Image re-sampling and cleaning may involve several iterations and processes. In slight angle correction, the method may correct an image acquired from on a handset facing the camera at an imperfect angle, e.g., more or less than 90 degrees. Accordingly, the image cleaning process may correct for slight angle deviations. In fish-eye correction, the method may correct an image acquired through a wide angle optical configuration. In some embodiments, in order to reduce physical size of the clamping device, the optical path may introduce “fish-eye” phenomenon which may be common to close distance optical acquisition. Embodiments of the invention may correct Moire pattern distortion. In some cases, slight angle error may result in a Moire effect, as may be common when attaching two matrix patterns, e.g., LCD and CMOS. In addition, since CMOS/CCD sensors are analog by nature, they may acquire the light using a certain angle that is not straight, thereby causing the acquisition of neighboring pixels. In addition, since using a color camera which by nature may insert an artificial built-up of the image, e.g., each RGB value is interpolated from its 3×3 neighbors, anti-aliasing correction may be performed on the image. Due to the analog nature of the camera, an output image may include noise. Accordingly, obtaining several samples of the same source and averaging those sample to a single image may result in randomization and therefore reduction of noise.
According to image cleaning and processing methods embodying the present invention, the resolution of the image may be reduced, for example, in order to receive common, non-camera related resolution, and/or, for example, to resolve problems describe above. The identification and combination of at least one, or two or three or four of the above-described effects may enable methods in accordance with the present invention to obtain a suitably workable sample for both the processing section as well as possible quality validations.

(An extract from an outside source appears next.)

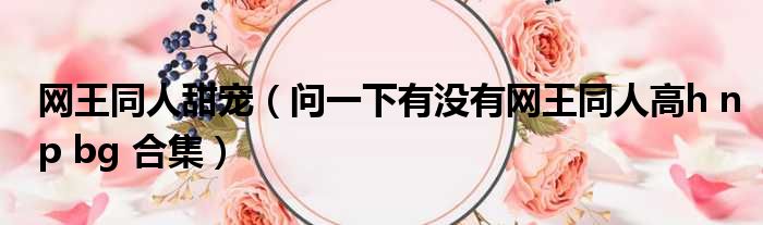 大家好,小东方来为大家解答以上的问题。网王同人甜宠,问一下有没有网王同人高h np bg 合集这个很多人还不知道,现在让我们一起来看看吧!

A given handset display may contain or be enabled to display several hundred possible objects. According to embodiments of the present invention, these possible objects may be divided into four categories, e.g., characters, icons, graphical user interface (GUI) elements, and images. A learning process according to embodiments of the present invention may be performed by automatic methods, by manual methods, or by a combination of the two. The various categories and their treatment according to embodiments of the present invention are discussed below.
Characters may be categorized as members of a family of fonts, wherein within each family, sizes and attributes, such as italic, bold, underline, etc., may be applied. In general, any format of a character may be a separate object, namely the letter A in each of normal, bold, italic, underline, bold underline, bold underline italic, bold italic, reverse type, etc., may be considered a different object in the system.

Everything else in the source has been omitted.